If $n \gt 1$ , then we can find a sequence $\theta_1 ,…, \theta_n$ such that $f_1 e^{i \theta_1} +…+ f_n e^{i \theta_n}$ attains its maximum in $\Omega$ . Let $f_k'=e^{i \theta_k} f_k$ , we find that $$|f_1'|+…+|f_k'| =|f_1|+…+|f_n|$$ So , to prove both $f_k$ are constant , it suffice to prove that following statement :
$g_1 , … , g_n$ is a sequence of holomorphic function in an open set $\Omega$ and $g_1+…+g_n$ equal to a constant $C$ , $|g_1|+…+|g_n|$ attains its maximum in $\Omega$ , then each of $g_k$ is constant.
Can we show this ?
Best Answer
Proof for $n=2$. (The argument actually works for any $n$).
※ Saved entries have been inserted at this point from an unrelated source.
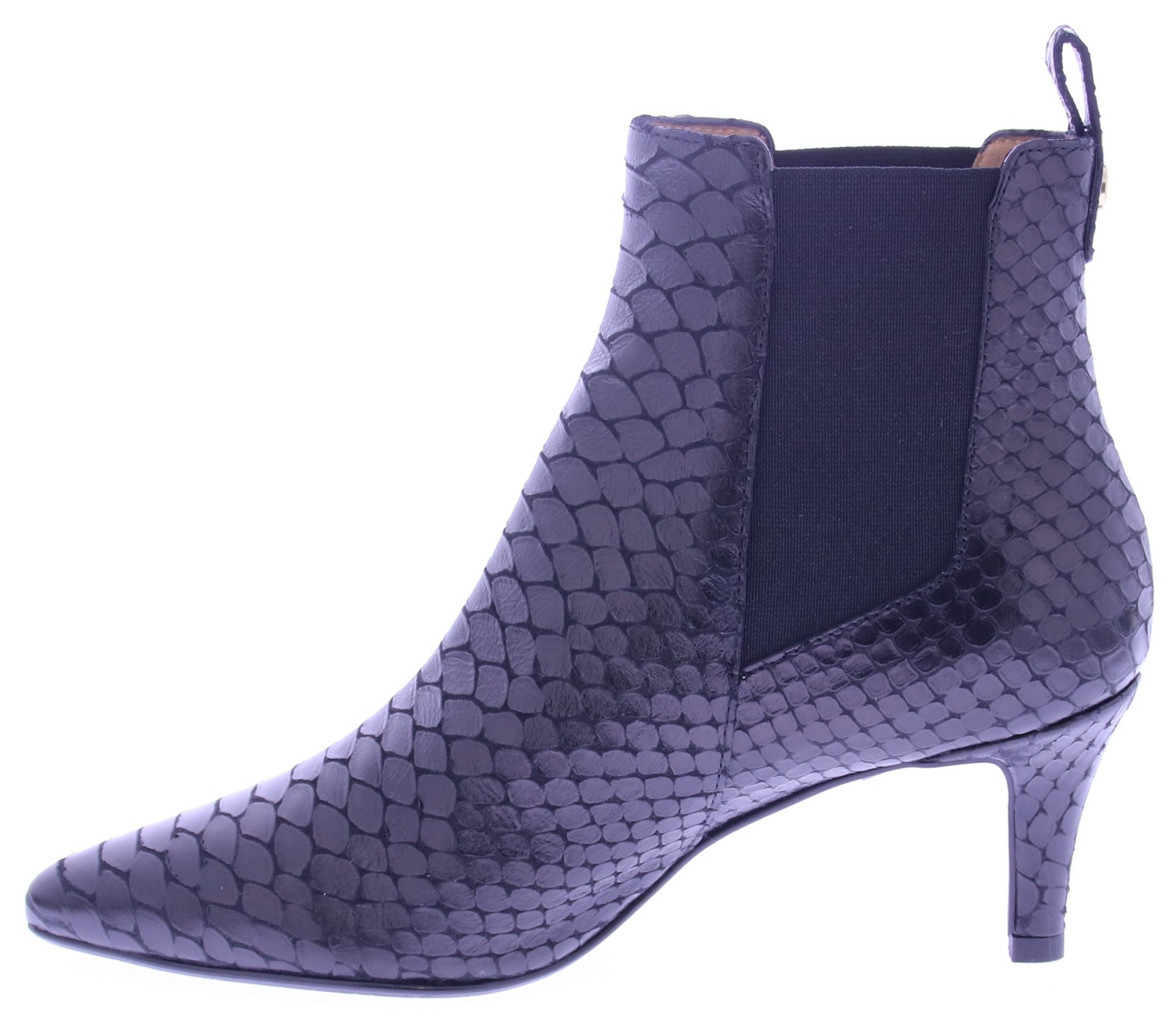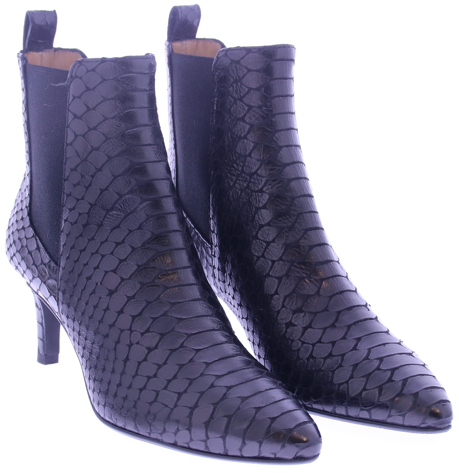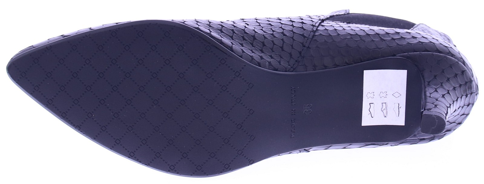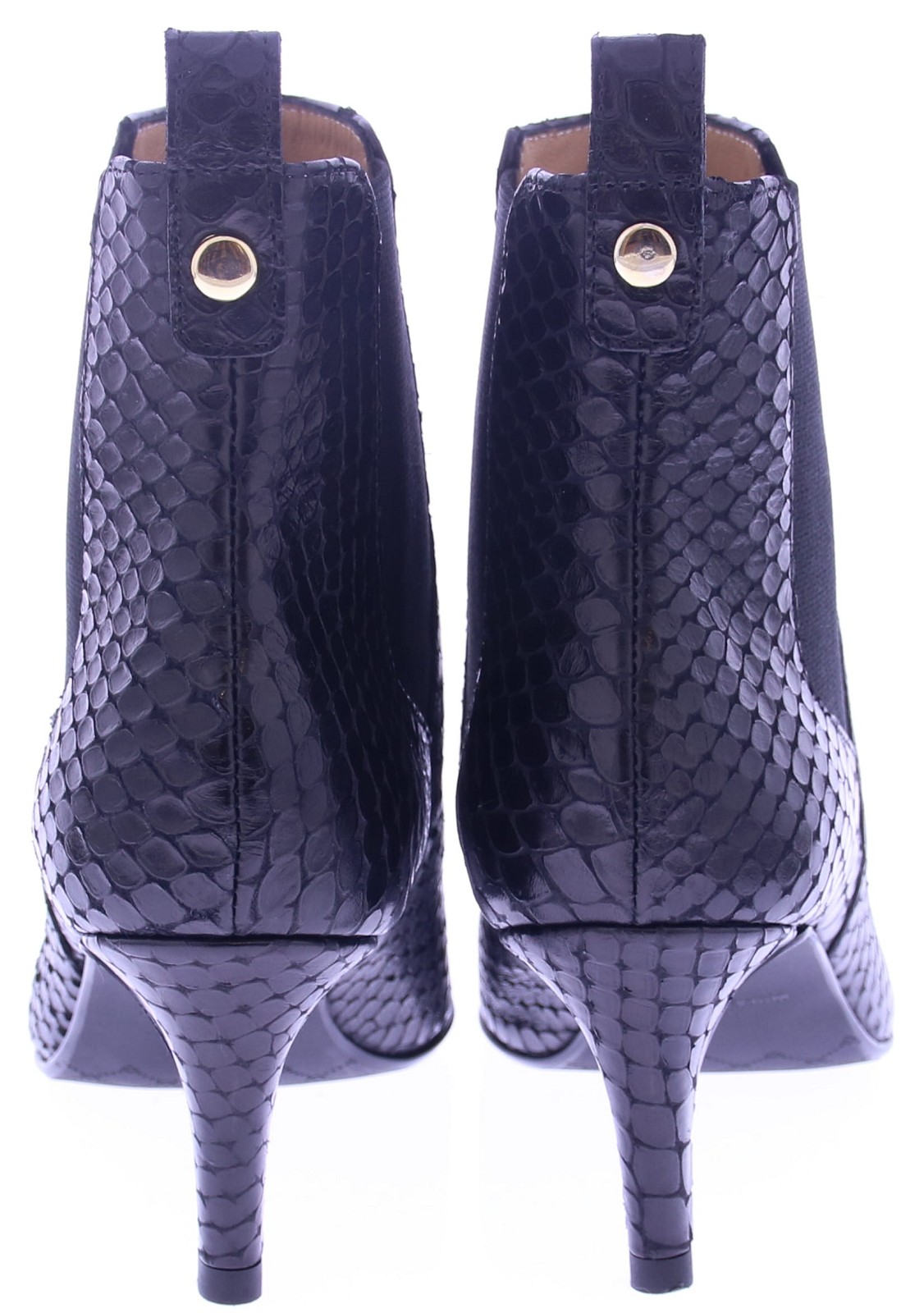 Black leather ankle boot from Nalini. Crafted from luxurious Italian calf leather with a snakeskin print. This short boot features an elegant pointed toe and a beautiful, slim 6cm heel, making it ideal for both business attire and a night out. Elastic side panels make slipping on easy, while the snug fit ensures a feminine look.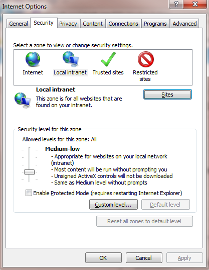 NOTE: If you are using the Cloud Access Manager Login Form Inspection Tool in Internet Explorer, your Cloud Access Manager website will need to be in the Local intranet zone. This can be selected by going to the Internet Options | Security tab in Internet Explorer while viewing your site. If Local Intranet is not highlighted as shown, click Local intranet |Sites | Advanced then add your Cloud Access Manager site.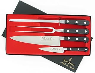 K SABATIER - Coffret De 2 Couteaux - Une Fourchette - Un Fusil 20 Cm Gamme Authentique - Acier Inoxydable - Manche Noir - 100% Forge - Entièrement Fabrique en France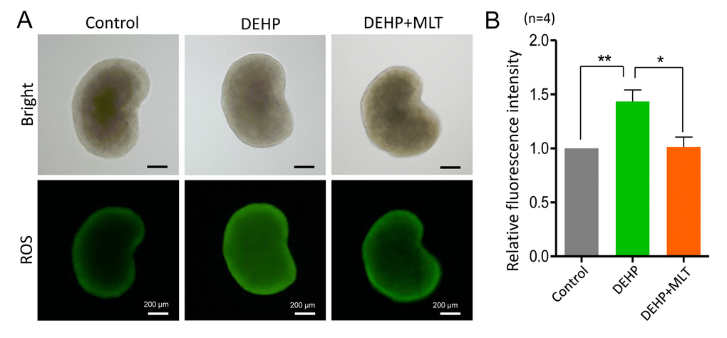 Based on previous studies [34,41], we hypothesized that DEHP exposure would induce oxidative stress which would be accompanied by apoptosis in fetal oocytes. This would lead to the deterioration of critical regulators and events during oocyte meiosis. To confirm this assumption, we assessed the level of ROS in the control, DEHP, and DEHP+MLT groups (Figure 5A). In the DEHP treatment group, the fluorescent intensity of ROS was significantly increased compared to that of the control group (P < 0.01), while following the administration of MLT, ROS generation reduced dramatically (Figure 5B; P < 0.05).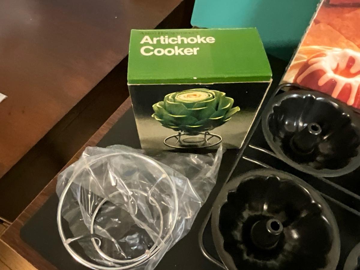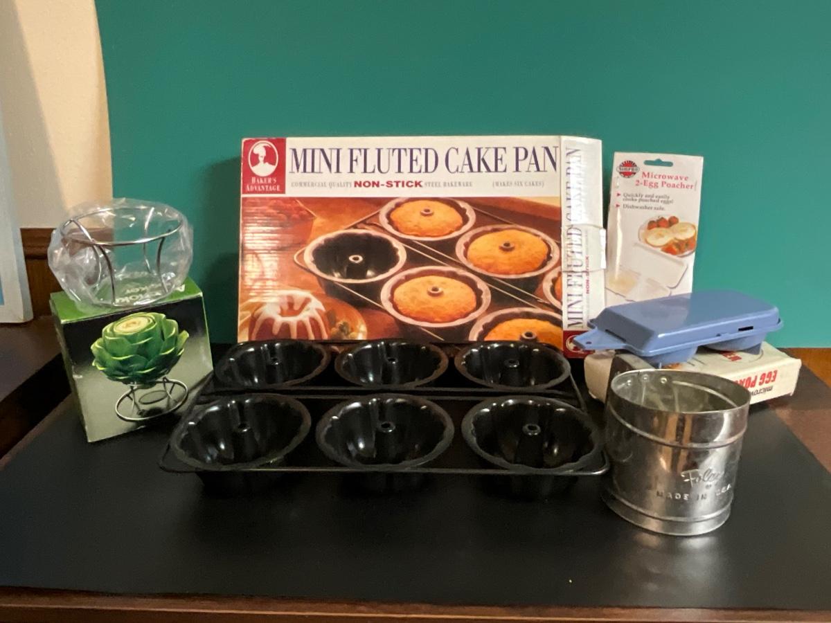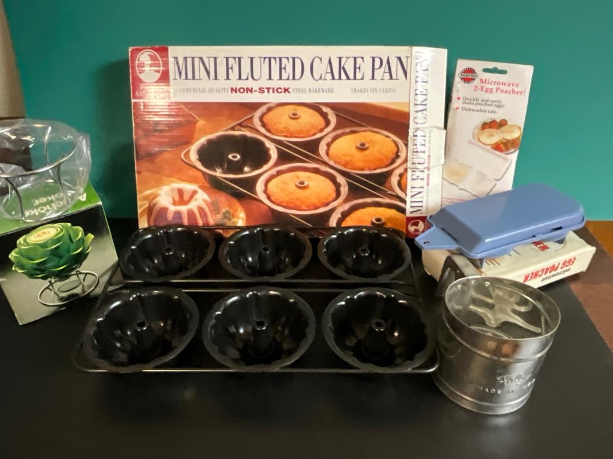Mini Fluted Cake Pan, artichoke stand, egg poacher plus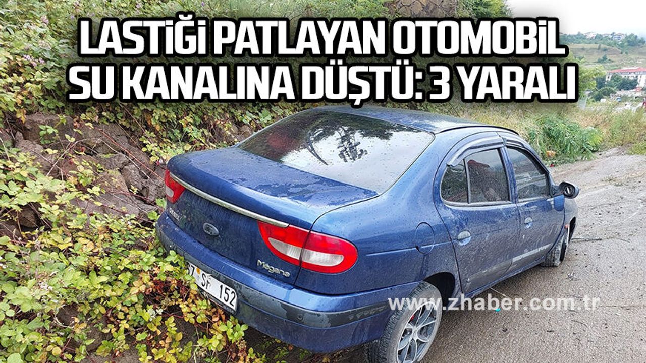 Kaza saat 14.00 sıralarında Ereğli Akçakoca yolu Ömerli mevkiinde meydana geldi. İddiaya göre, Ereğli istikametine seyir halinde olan B.İ. idaresindeki 67 SF 152 plakalı otomobilin lastiği bilinmeyen bir sebeple patladı. Direksiyon hakimiyetini kaybeden sürücü önce kaldırıma çarpıp ardından yaklaşık 20-25 metre sürüklendikten sonra su kanalına düştü. Kazada araçta yolcu olarak bulunan F.İ., B.K.İ ve E.İ. yaralanırken olayı gören sürücüler yaralıların yardımına koşup durumu 112 Acil Çağrı Merkezi'ne bildirdi. İhbar üzerine olay yerine gelen sağlık ekipleri yaralılara ilk müdahalesini yaptıktan sonra ambulansla Ereğli Devlet Hastanesi'ne kaldırdı. Araç sürücü B.İ. ise başından hafif yaralanması nedeniyle hastaneye kendi imkanıyla gitti . Tedavi altına alınan yaralıların sağlık durumlarının iyi olduğu öğrenildi.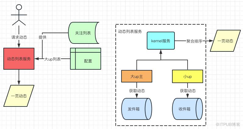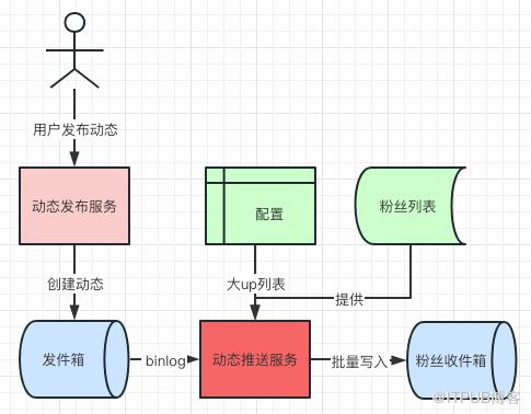 如上图所示,列表服务,根据关注列表与大UP配置,区分大小UP,大UP直接读outbox发件箱,小UP读取收件箱,根据dynID合并成一页。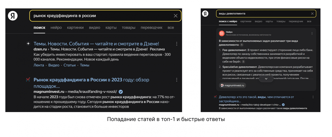 Некоторые статьи по ключевым запросам попадают в топ-1 и быстрые ответы.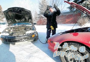 周日爱明顿创低温纪录,寒冷气温使汽车不能开动,需求助他人。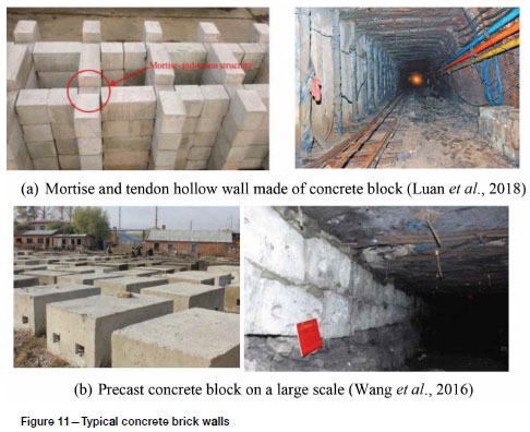 The concrete brick wall is another novel structure developed in recent years as an alternative standing support to the standard concrete wall. A concrete brick of standard size avoids the shortcomings of standard concrete in terms of the final setting time. The use of precast concrete bricks ensures a designed compressive strength (Figure 11). The special equipment designed for transportation and installation can effectively reduce the potential safety risk for miners. In addition, the use of precast concrete brick changes the building process of the packing wall from a manual basis to a much more efficient automated basis.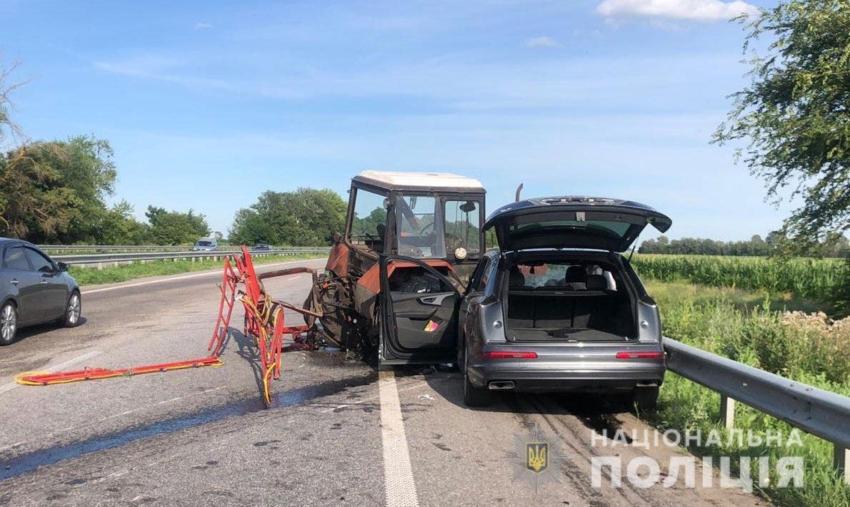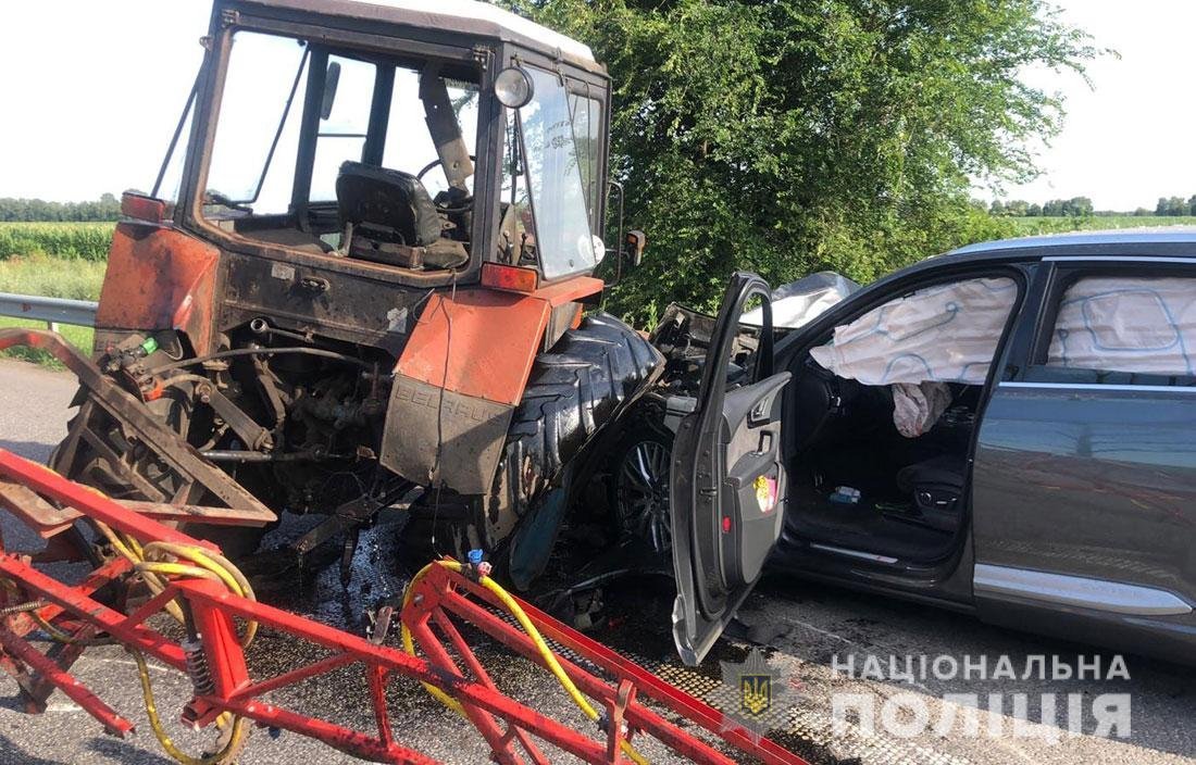 В результате ДТП 38-летний водитель автомобиля получил телесные повреждения в виде политравмы, 58-летний водитель трактора – закрытую черепно-мозговую травму и многочисленные ушибы. Открыто уголовное производство по части 1 статьи 286 (Нарушение правил безопасности дорожного движения) Уголовного кодекса Украины. Полиция проводит проверку.

Suppose $a \in \Omega$ and $|f(a)|+|g(a)|≥|f(z)|+|g(z)| ∀z∈Ω$. Replace $f$ by $e^{is}f$ and $g$ by $e^{it}g$ where real numbers $s$ and $t$ are chosen such that $e^{is}f(a)$ and $e^{it}g(a)$ both belong to [0,∞). This reduces the proof to the case when $f(a)$ and $g(a)$ both belong to [0,∞). We now have $f(a)+g(a)≥|f(z)|+|g(z)|≥Ref(z)+Reg(z)=Re(f(z)+g(z))$. Maximum Modulus principle applied to $e^{f+g}$ shows that $e^{f+g}$, and hence $f+g$ is a constant (because $|e^{f+g}|$ attains its maximum in the domain). Now $f(a)+g(a)≥|f(z)|+|g(z)|≥Ref(z)+Reg(z)=Re(f(z)+g(z))=Re(f(a)+g(a))$ which implies that equality holds throughout. In particular $|f(z)|=Re(f(z))$ and $|g(z)|=Re(g(z)) ∀z$ which implies that $f$ and $g$ are constants.